È infatti saltato l’intervento che inizialmente doveva essere confermato
nel decreto IMU, con il Governo che ha fatto dietro front anche sul
ripristino dell’IRPEF per gli immobili sfitti, ovvero sulla misura che
faceva figurare al 50% la rendita catastale di seconde case e immobili
non locati nel reddito imponibile. Due interventi correlati tra loro
perché l’uno, l’imponibilità delle rendite catastali il cui gettito
stimato era di 1,6 miliardi di euro, avrebbe dovuto compensare l’altro,
la deducibilità IMU per capannoni e immobili strumentali.
A
tranquillizzare imprenditori e professionisti il sottosegretario
all’Economia, Pier Paolo Baretta: la deducibilità dell’IMU per gli
immobili strumentali «è un elemento che costituisce l’equilibrio
complessivo dell’accordo sull’IMU e, al massimo con la Legge di
Stabilità, bisognerà renderla operativa. La deducibilità sui capannoni è
un impegno solenne preso con le imprese e bisogna onorarlo». Si tratta
di una soluzione, quella della deducibilità al 50% a fini IRES ed IRPEF,
che già lasciava l’amaro in bocca ad imprese e professionisti che
chiedevano a gran voce anche la deducibilità IRAP e che ora rischia di
venire meno. In generale, lo ricordiamo, l’IMU sugli immobili
strumentali incide per il 40% sul totale versato, quasi 10 miliardi di
euro.
L’unico intervento attualmente in vigore a favore delle
imprese riguarda il settore dell’edilizia, tra i più colpiti dalla crisi
economica, e gli immobili invenduti, per i quali l’IMU è stata abolita.

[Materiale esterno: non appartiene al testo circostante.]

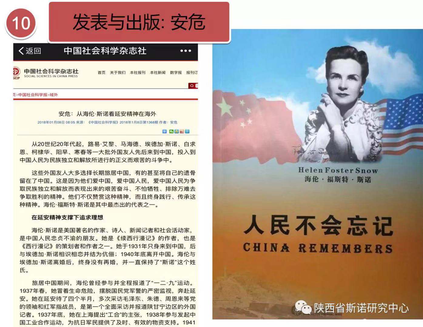 第十件事。2018年1月8日,安危老师在《中国社会科学杂志社》发表文章“从海伦·斯诺看延安精神在海外”,很有启发意义。安老师今年还在陕西延安精神研究院的杂志《源流》发表文章宣传海伦斯诺精神;还出版了《人民不会忘记》一书,汇集了这几十年来中外学者在海伦·斯诺重大纪念活动中的发言和讲话文章,这本书又是一部难得的海伦斯诺研究的工具书和史料。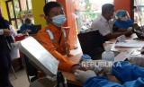 Seorang petugas medis memeriksa kesehatan anggota TNI sebelum vaksinasi di Puskesmas Rangas, Mamuju, Sulawesi Barat, Kamis (4/3/2021). Pasca gempa bumi, vaksinasi COVID-19 tahap pertama dilakukan jajaran TNI Korem 142 Tatag Mamuju yang diikuti sebanyak 475 personil. ANTARA FOTO/Akbar Tado/rwa. (FOTO : ANTARA FOTO)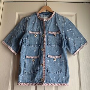 Sandro Distressed Short-Sleeve Denim Jacket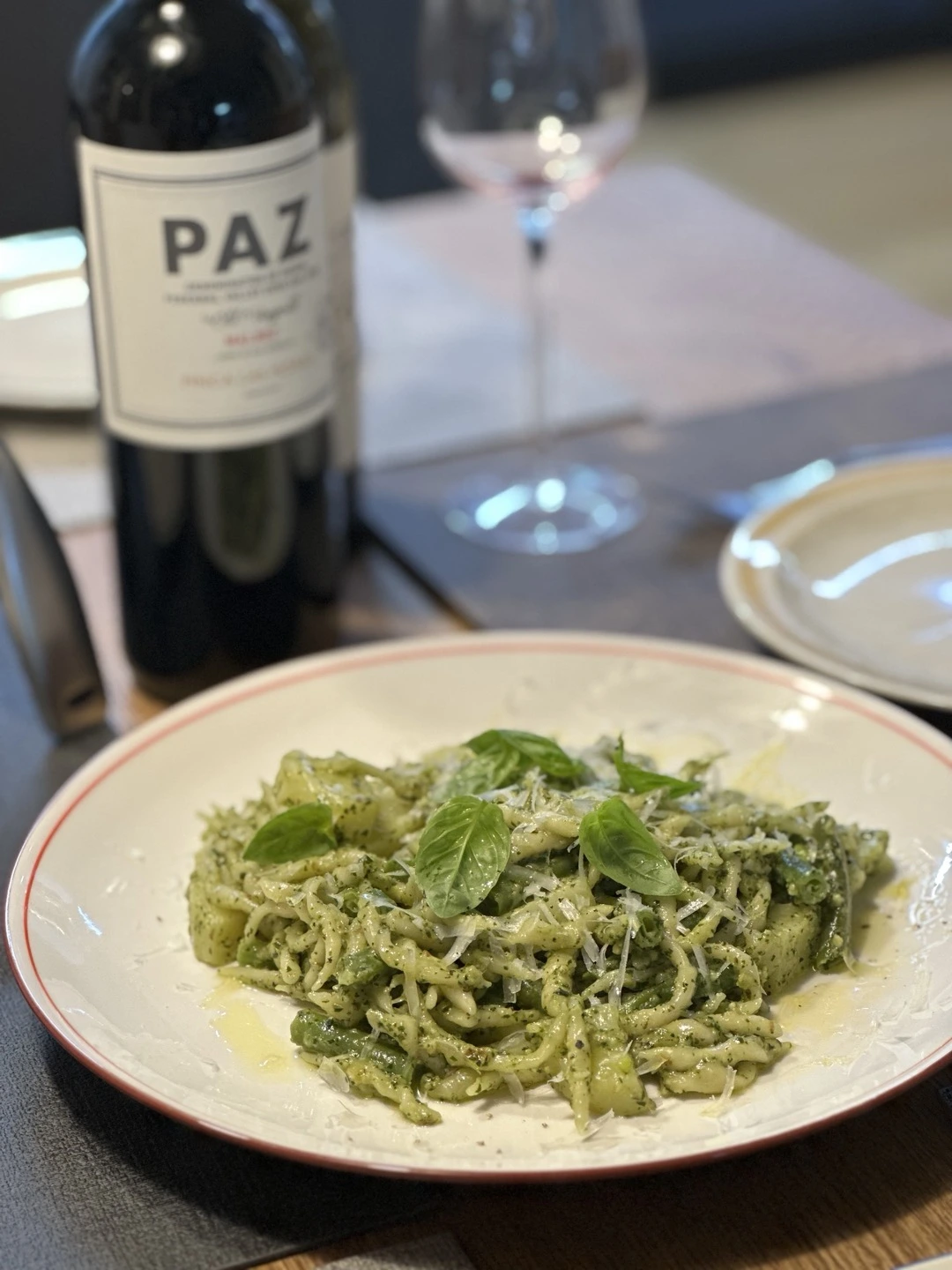 오랜 기간 축척된 전통과 노하우가 반영된 면의 질감과 페스토의 어울림이 아주 훌륭하다. 트로피에를 만드는 기법을 스토로피나레(Strofinare)라고 하는데 손바닥을 사선으로 움직여 면을 만드는 방식이다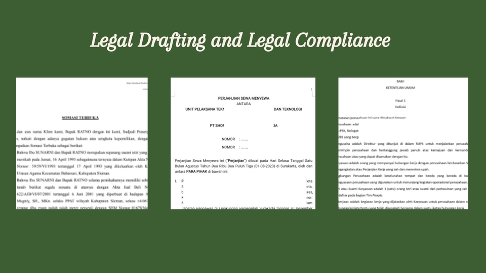 Konsultasi Hukum, Pembuatan Perjanjian, dll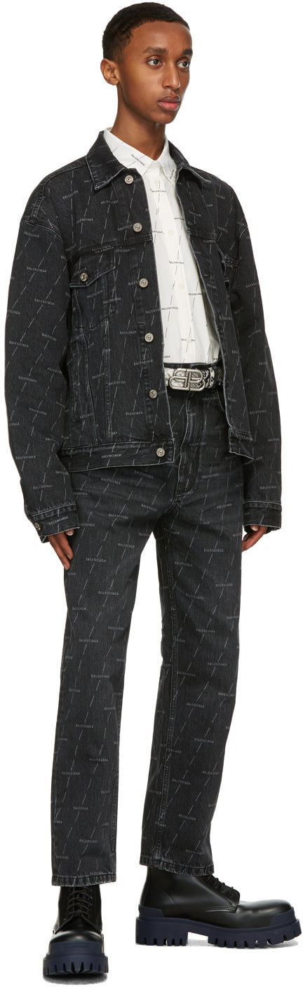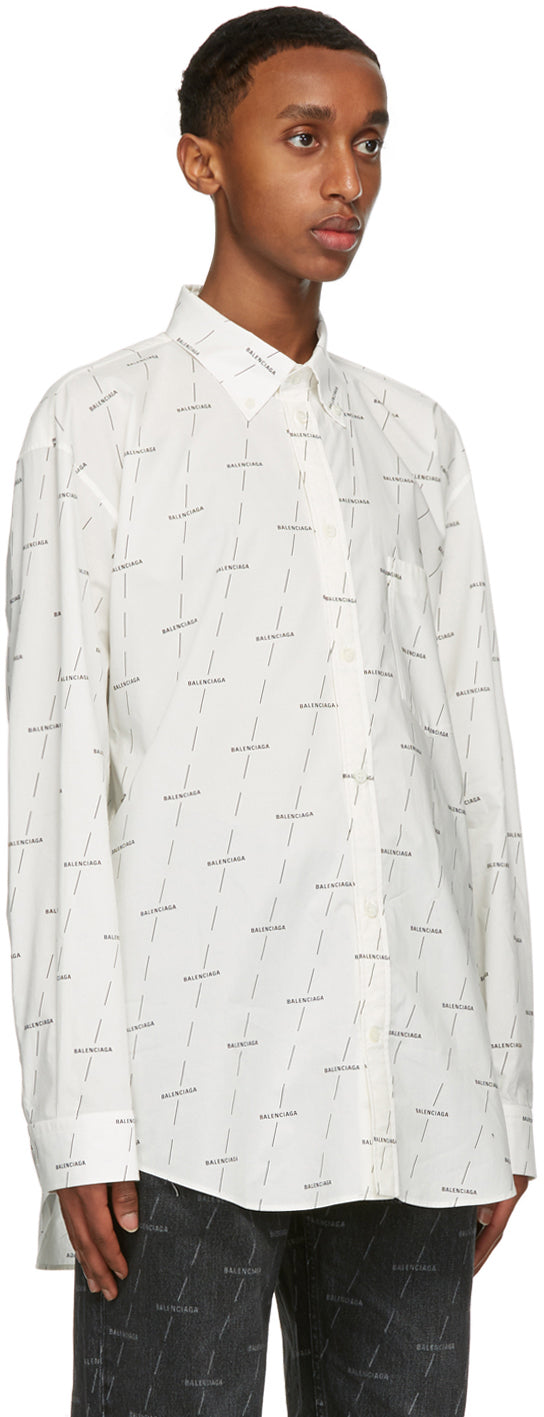 Long sleeve cotton poplin shirt in white featuring printed logo pattern in black throughout. Button-down spread collar. Button closure at front. Single-button barrel cuffs. Shirttail hem. Supplier color: White 100% cotton. Brand: Balenciaga

Per la CNA, tuttavia, la cancellazione dell’IMU sugli immobili
invenduti sarebbe un semplice palliativo per le imprese, mentre sugli
artigiani stanno per abbattersi macigni quali l’aumento dell’IVA e la
nuova service tax (TASER), oltre alla TARES che per quest’anno resta in
vigore. Mettere in stand by le imprese, in attesa per la possibile
deducibilità IMU, secondo la CNA, confermerebbe il trend di questo
Governo che sottovaluterebbe la crisi e continuerebbe a «somministrare
un leggero calmante ad un malato in pericolo di vita». La CNA ricorda
che ben il 63% delle imprese ha chiesto finanziamenti per riuscire a
fare fronte alle ultime scadenze fiscali e sottolinea come la riduzione
del cuneo fiscale sulle imprese debba diventare una priorità per il
Governo, per garantire la sopravvivenza del tessuto produttivo del
Paese. Proprio per questo la CNA assicura che continuerà a battersi per
evitare l’aumento dell’IVA che rischia concretamente di affossare i
consumi. Invece di andare ulteriormente a penalizzare famiglie e
imprese, il Governo e le Amministrazioni locali dovrebbero ridurre le
imposte sul tessuto economico (IVA compresa, per rilanciare il mercato)
senza tentare di riproporle sotto mentite spoglie.